Include and prepend are extremely useful tools for adding and modifying logic in multiple places at once, or even just splitting a file into components. Let's have a look at what they're doing behind the scenes.

Dave AllieDave Allie

In order to explain the differences, advantages, and disadvantages of include and prepend, there are a couple of concepts that we'll need to cover first.

Ancestry Chain in Ruby

In Ruby, every class has an ancestry chain. The most basic way to construct that chain is through subclassing:

class A
  def foo
    'foo'
  end

  def bar
    'bar'
  end
end

class B < A
  def foo
    super + 'baz'
  end
end

B.ancestors
# => [B, A, Object, Kernel, BasicObject]

In the example above, the chain starts with B, then moves up to A and then through the superclasses of A.

The ancestry chain is instrumental in finding the correct method block to execute when a method is called. Calling a method traverses the object's ancestry chain searching each object along the way for a method with the same signature as the one called.

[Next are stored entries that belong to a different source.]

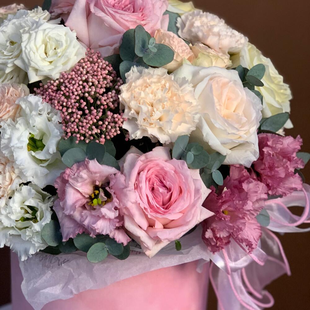 Альстромерии, Гвоздики, Кустовые розы, Лизиантусы, Розы, Хризантемы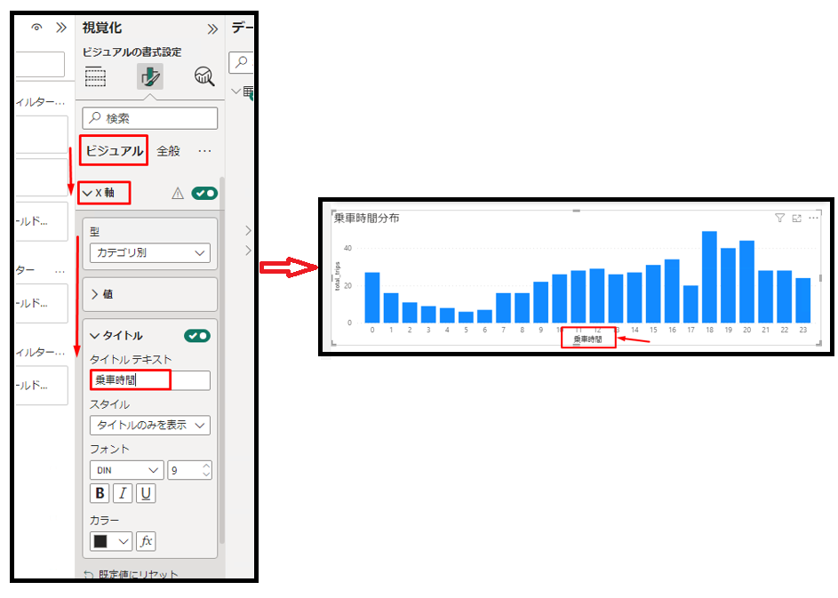 ⑪「ビジュアル」タブで「X 軸」を有効にして、「タイトルテキスト」項目で「乗車時間」を入力します。可視化は以下の画像通り表示されます。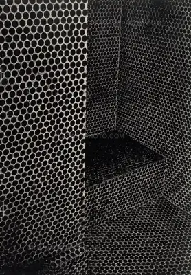 This time during a shooting trip, Moriyama found himself captured by the flood of roundish tiles decorating the restroom of his hotel room in Aizuwakamatsu.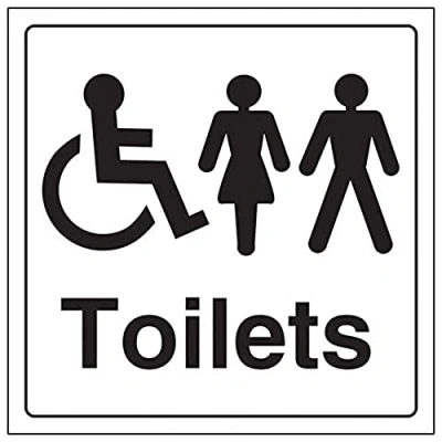 Helps to provide directions to facilities on your premises Conforms to EN ISO 7010:2012 Square Orientation. Sign reads "Toilets" Highly durable and heavy duty 2mm rigid plastic material Sign measures 200 x 200mm

In the example above, when we call B.new.bar, B is searched for an instance method named bar, which is not found. So we look along the chain one position, at A, which does contain our instance method so we stop looking. A's bar is executed on the B object we created, returning 'foo'.

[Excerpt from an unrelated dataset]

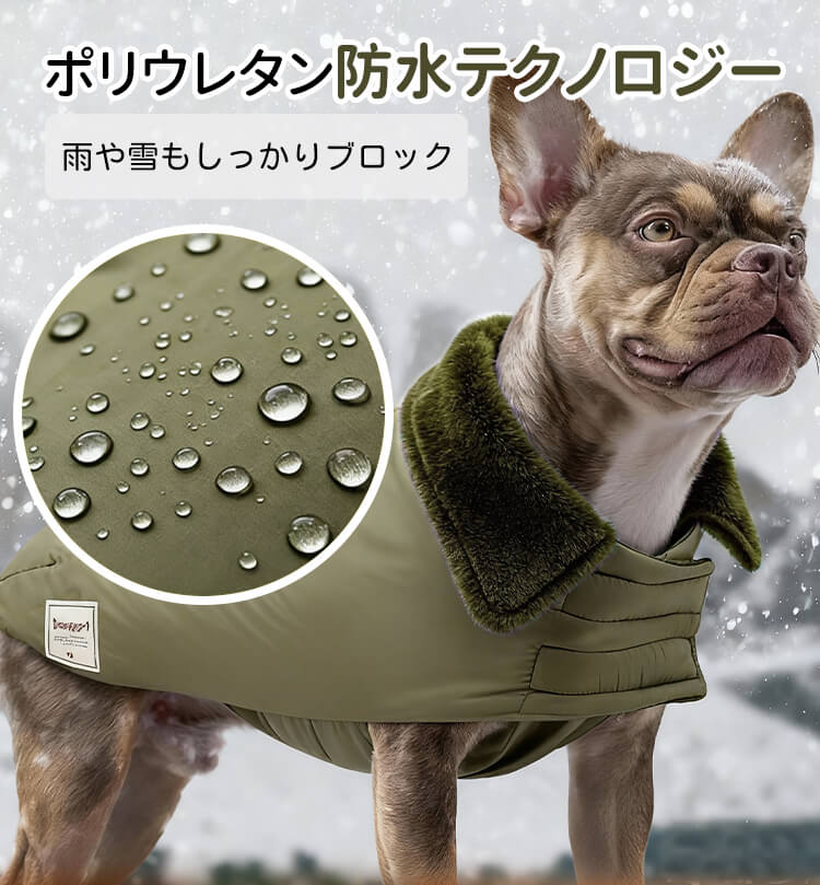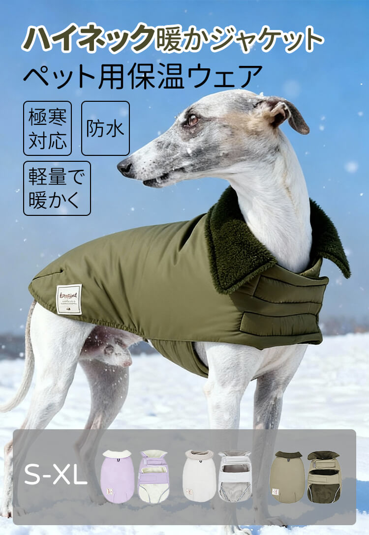 中大型犬用 ハイネック防寒ジャケット ドッグウェア 犬服 冬用 極寒対応 防水 防風 保温力2倍 ふわふわラムスキン調裏起毛 厚手二重キルト ダブル層裏起毛 フリース中綿 着脱簡単 マジックテープ サイズ調節可 フィット感抜群 スリムフィット 動きやすい めくれにくい 尾部ゴム固定 PVCリードホール付き お散歩安全 おしゃれ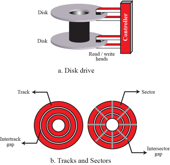 磁盘由磁片叠加而成,信息通过每一个磁片的读/写磁头读写磁介质表面来进行读取和存储。 采用随机存取方式。

When we call B.new.foo, B is searched for foo, which is found, so the searching stops. However, when executing B's foo, super is called. super starts searching again for the foo method, but this time starting at B's first parent, A. Luckly, A contains foo, so we can stop our search. A's foo is run (returning 'foo') and added to 'baz', so B's foo returns 'foobaz'.

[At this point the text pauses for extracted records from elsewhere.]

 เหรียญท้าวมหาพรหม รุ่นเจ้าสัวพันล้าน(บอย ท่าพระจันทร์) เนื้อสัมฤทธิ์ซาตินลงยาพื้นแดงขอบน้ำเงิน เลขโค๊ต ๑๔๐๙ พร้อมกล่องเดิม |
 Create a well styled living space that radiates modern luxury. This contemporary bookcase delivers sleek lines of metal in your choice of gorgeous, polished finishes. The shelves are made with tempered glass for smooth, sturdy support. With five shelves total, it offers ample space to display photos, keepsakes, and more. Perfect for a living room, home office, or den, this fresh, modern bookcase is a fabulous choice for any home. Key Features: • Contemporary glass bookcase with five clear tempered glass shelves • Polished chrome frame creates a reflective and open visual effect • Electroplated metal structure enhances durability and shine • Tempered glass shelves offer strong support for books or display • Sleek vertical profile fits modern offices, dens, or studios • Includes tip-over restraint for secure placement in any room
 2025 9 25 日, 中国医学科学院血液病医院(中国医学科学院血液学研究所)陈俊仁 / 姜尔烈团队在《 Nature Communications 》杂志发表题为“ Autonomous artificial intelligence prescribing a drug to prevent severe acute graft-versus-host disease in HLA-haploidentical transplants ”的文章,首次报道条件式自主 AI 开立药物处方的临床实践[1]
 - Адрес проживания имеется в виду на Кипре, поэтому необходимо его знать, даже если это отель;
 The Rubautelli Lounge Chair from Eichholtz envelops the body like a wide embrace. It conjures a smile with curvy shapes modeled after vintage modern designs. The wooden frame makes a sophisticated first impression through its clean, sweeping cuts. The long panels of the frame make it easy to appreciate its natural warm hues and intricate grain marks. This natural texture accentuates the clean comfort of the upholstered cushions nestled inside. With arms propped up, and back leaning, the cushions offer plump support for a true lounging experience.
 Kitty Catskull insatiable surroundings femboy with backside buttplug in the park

Pretty easy right? So what are include and prepend useful for?

Include vs Prepend

Including a module into a class is like giving the class another superclass. The methods in the module act like methods from a superclass, except included modules will be inserted before any actual superclasses in the ancestry chain.

Prepending a module to a class is like redefining the class to be a subclass of itself, where the only methods in the subclass are the module's methods, and the original class's methods are like superclass methods. These examples should make it a little more clear:

module Ext
end

class Example
  include Ext
end

Example.ancestors
# => [Example, Ext, Object, Kernel, BasicObject]
module Ext
end

class Example
  prepend Ext
end

Example.ancestors
# => [Ext, Example, Object, Kernel, BasicObject]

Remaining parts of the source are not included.